Eine Schlussbemerkung für Empathen

Meine lieben Empathen, ihr wurdet mit der Grundeinstellung geboren, tief mitzuempfinden. Andere an erste Stelle zu setzen. Zu verstehen. Zu heilen. Eure selbstlose Einstellung ist sowohl mutig als auch mitfühlend.

Vernachlässigt es aber nicht, für euch selbst zu sorgen. Es wird Menschen geben, die eure Empfindsamkeit nicht zu schätzen wissen oder die versuchen werden, eure Empathie auszunutzen.

Dies sind die Menschen, die es nicht wert sind, sich über sie den Kopf zu zerbrechen.
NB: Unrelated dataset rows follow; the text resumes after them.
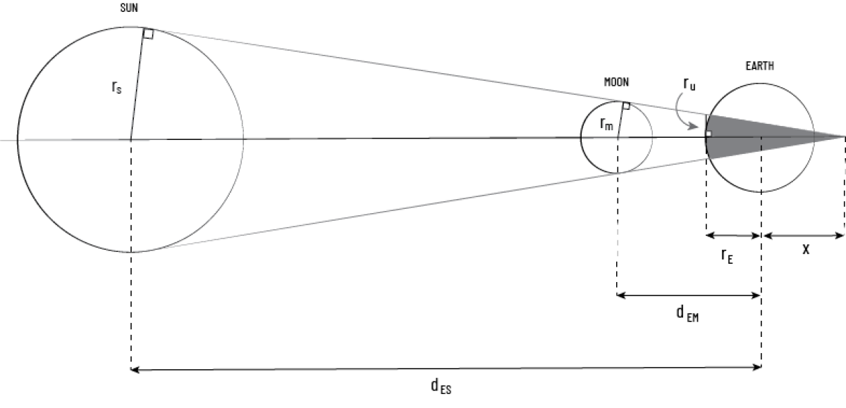 Let rS be the radius of the Sun, \(r_{M}\) be the radius of the Moon, \(r_{E}\) be the radius of the Earth, \(d_{ES}\) be the Earth-Sun orbital separation distance, \(d_{EM}\) be the Earth-Moon orbital separation distance, \(r_{U}\) be the radius of the umbral shadow, and \(x\) be the distance from the centre of the Earth to the vertex where the umbra meets the antumbra.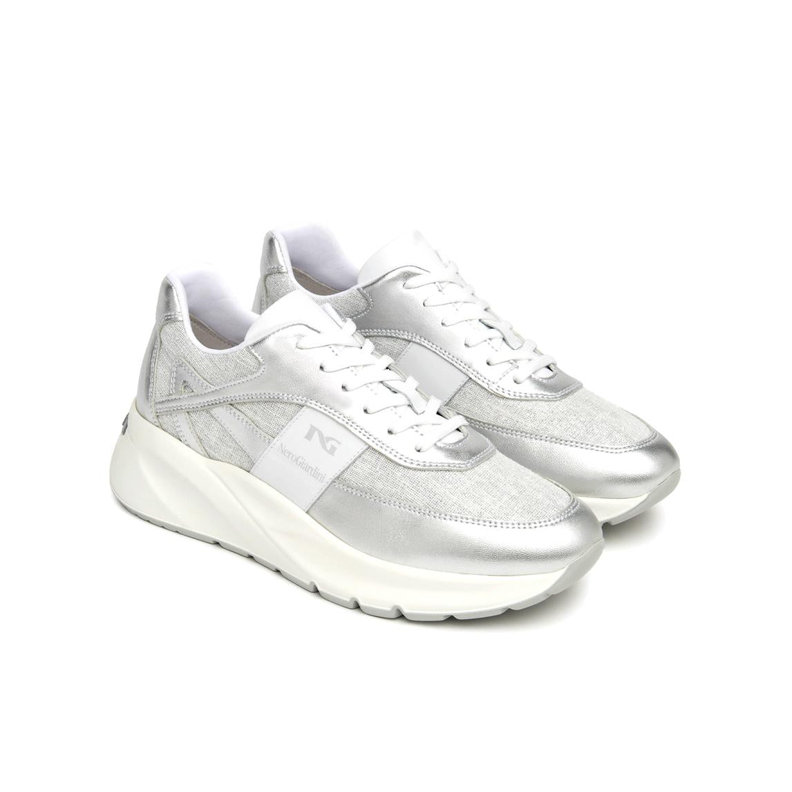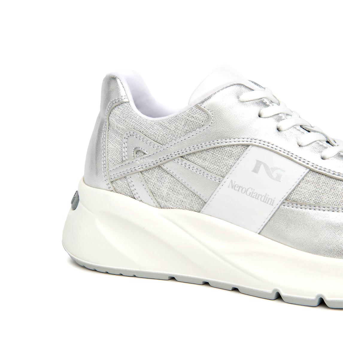 NeroGiardini Sneakers Donna in Pelle e Tessuto Argento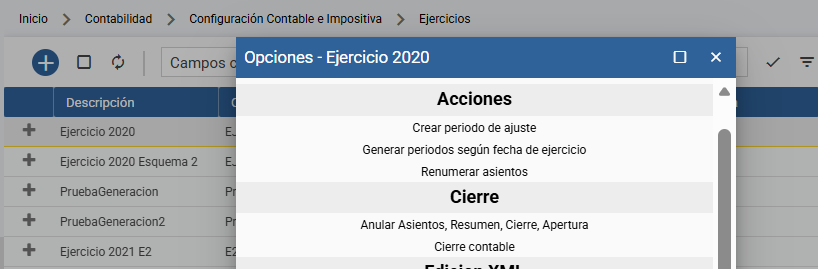 - Ejecutar la acción Cierre contable desde el menú de acciones del ejercicio.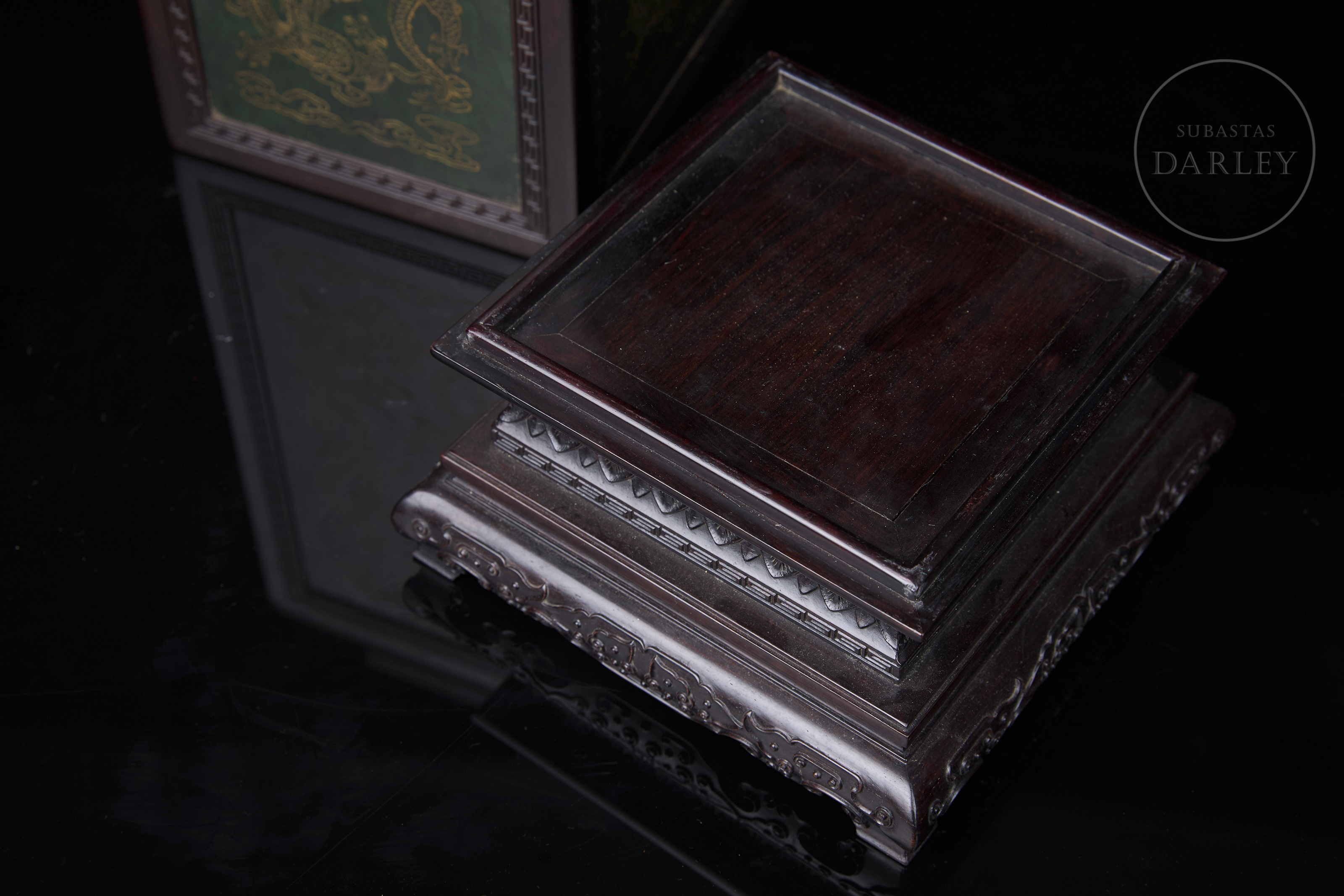 Pareja de lámparas "Dragones y perla" de jade verde espinaca y madera, dinastía Qing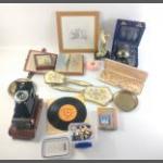 Mixed lot of interesting items to include table mats, boxed plated tankard, Kodak Brownie, Wallace and Gromit figures and others.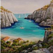 This unique and original contemporary artwork "Les cabanons de la calanque" on the subject of Landscapes has been created by the contemporary artist Burgi Roger.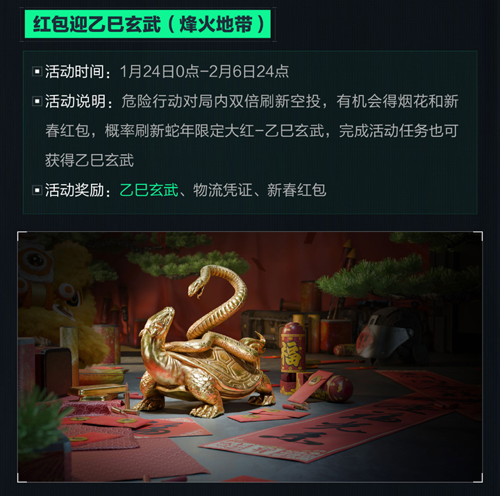 红包迎乙已玄武(烽火地带):活动时间为1月24日0点至2月6日24点,危险行动对局内双倍刷新空投,有机会得烟花和新春红包,概率刷新蛇年限定大红-乙已玄武,完成活动任务也可获得乙已玄武,活动奖励为乙已玄武、物流凭证、新春红包。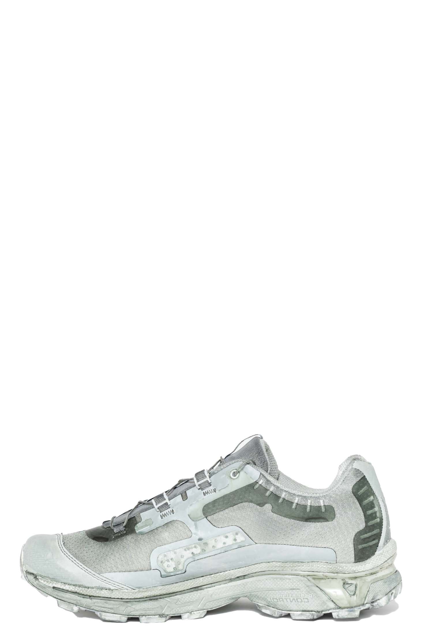 Object Dye Low-top bonded jersey and mesh trainers in Alga dye. Smudging and bonded trim throughout. Snake-embossed faux-leather cap toe. Logo bonded at vamp. Quicklace™ closure. Logo patch at padded tongue. Padded collar. Logo printed at heel counter. Mesh lining. Treaded Contagrip® rubber sole. Part of the 11 by Boris Bidjan Saberi x Salomon collaboration.

Sucht euch stattdessen Menschen, die euch so schätzen und unterstützen, wie ihr sie schätzt und unterstützt. Als Introvertierte haben wir begrenzte soziale Energie, sodass wir besonders wählerisch sein müssen, mit wem wir unsere Zeit verbringen. Und als Empathen müssen wir unsere empfindsamen Herzen beschützen.

Und lass dir von niemandem einreden, dass es sich nicht lohnt, etwas um Menschen zu geben. Andererseits bin ich auch sicher, dass ihr das bereits wisst.